# RCAF cites "Labour Shortage" In Hiring Foreign Pilots



## George Wallace (23 Jun 2014)

The debate on foreign workers has now opened up questions on CAF hiring practices.  What is overlooked in this article, is the number of Canadian pilots who leave the RCAF and head over to 'greener' pastures in other Commonwealth and Allied nation's air forces.


Reproduced under the Fair Dealings provisions of the Copyright Act.


LINK



> THE STAR
> 
> Air force hiring foreign pilots to fly front-line jets
> 
> ...





More on LINK.


----------



## DAA (23 Jun 2014)

The elite of the Middle East hire all our Pilots.....especially the ones who fly the Challengers.

http://skiesmag.com/news/article/CanucksinCairo


----------



## Journeyman (23 Jun 2014)

George Wallace said:
			
		

> Royal Canadian Air Force cites a “labour shortage”


Well, there goes the pilot-wannabe Recruiting threads again......   >


----------



## Rocky Mountains (23 Jun 2014)

We are not fighting a war and not one pilot is truly critical to national security.  The body of trained airmen is critical to the long-term viability of the forces, not whether a particular aircraft flies Tuesday morning.  Somebody wearing blue needs a talking to.  Training is probably more important than doing.


----------



## Colin Parkinson (23 Jun 2014)

A air reserve squadron flying lightly armed hawks would solve this issue.


----------



## DonaldMcL (23 Jun 2014)

Colin P said:
			
		

> A air reserve squadron flying lightly armed hawks would solve this issue.



What issue? The overall lack of experience of CF Pilots being filled by hiring a handful of experienced pilots from other countries?
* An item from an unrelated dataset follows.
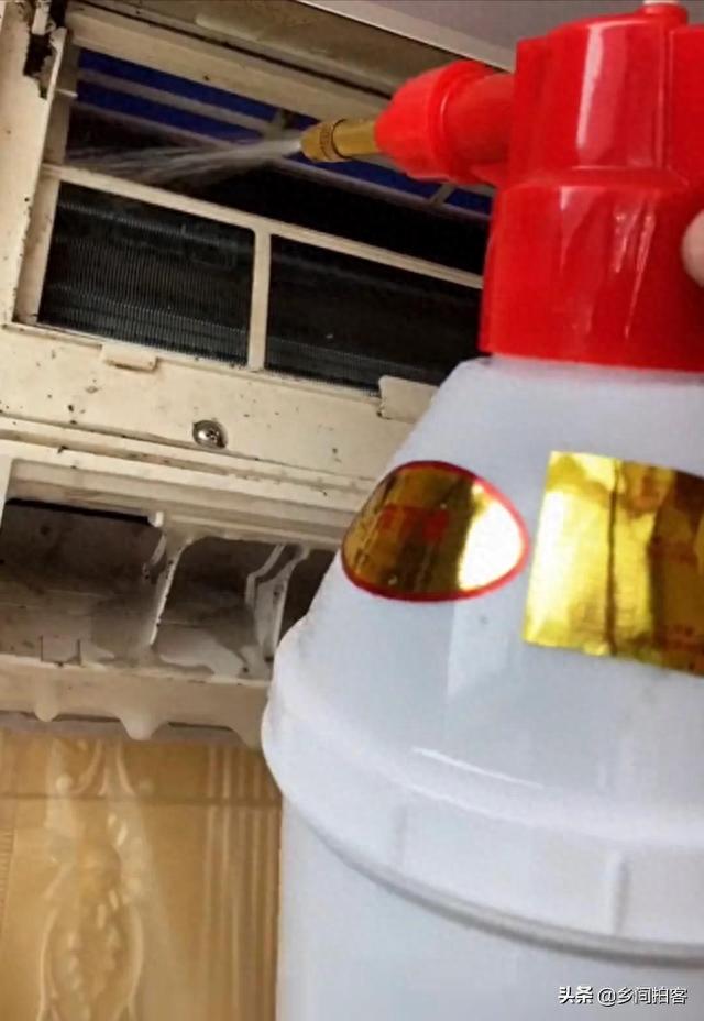 然后盖条毛巾在空调顶上,防止一会儿喷水喷到天花板上了

I fail to see the issue.


----------



## George Wallace (23 Jun 2014)

Rocky Mountains said:
			
		

> We are not fighting a war and not one pilot is truly critical to national security.  The body of trained airmen is critical to the long-term viability of the forces, not whether a particular aircraft flies Tuesday morning.  Somebody wearing blue needs a talking to.  Training is probably more important than doing.
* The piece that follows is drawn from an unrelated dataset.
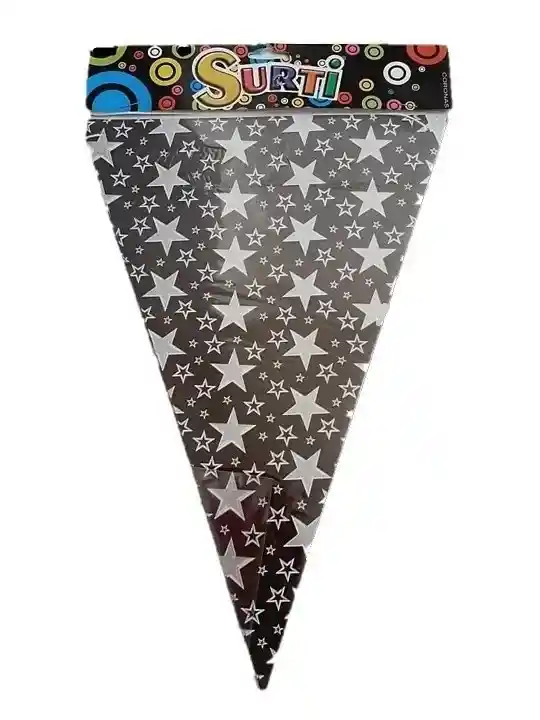 BANDERINES NEGRO ESTRELLAS PLATEADAS CADA BANDERIN MIDE 33 X 23

I think you missed the point.  Training is only good if you have experienced people to conduct it.  If you don't have the experience, what lessons are you teaching?


----------



## MilEME09 (23 Jun 2014)

Now I could be wrong but the way I heard this story was that the RCAF is meeting its quotas for new pilots, and the main issue is that many of it's experienced pilots have left and these pilots from Europe (mostly) have been brought on as instructors to have the experience there to train the new pilots. Why not give them some flight hours while at it?


----------



## Colin Parkinson (23 Jun 2014)

Hence the reason for an air reserve squadron equipped with smaller jets with some armament which would allow you to keep and maintain pilots who have transferred to civy street. I talked to a number of pilots that went for the bigger salaries but missed the flying they did in the Forces.


----------



## Rocky Mountains (23 Jun 2014)

Colin P said:
			
		

> Hence the reason for an air reserve squadron equipped with smaller jets with some armament which would allow you to keep and maintain pilots who have transferred to civy street. I talked to a number of pilots that went for the bigger salaries but missed the flying they did in the Forces.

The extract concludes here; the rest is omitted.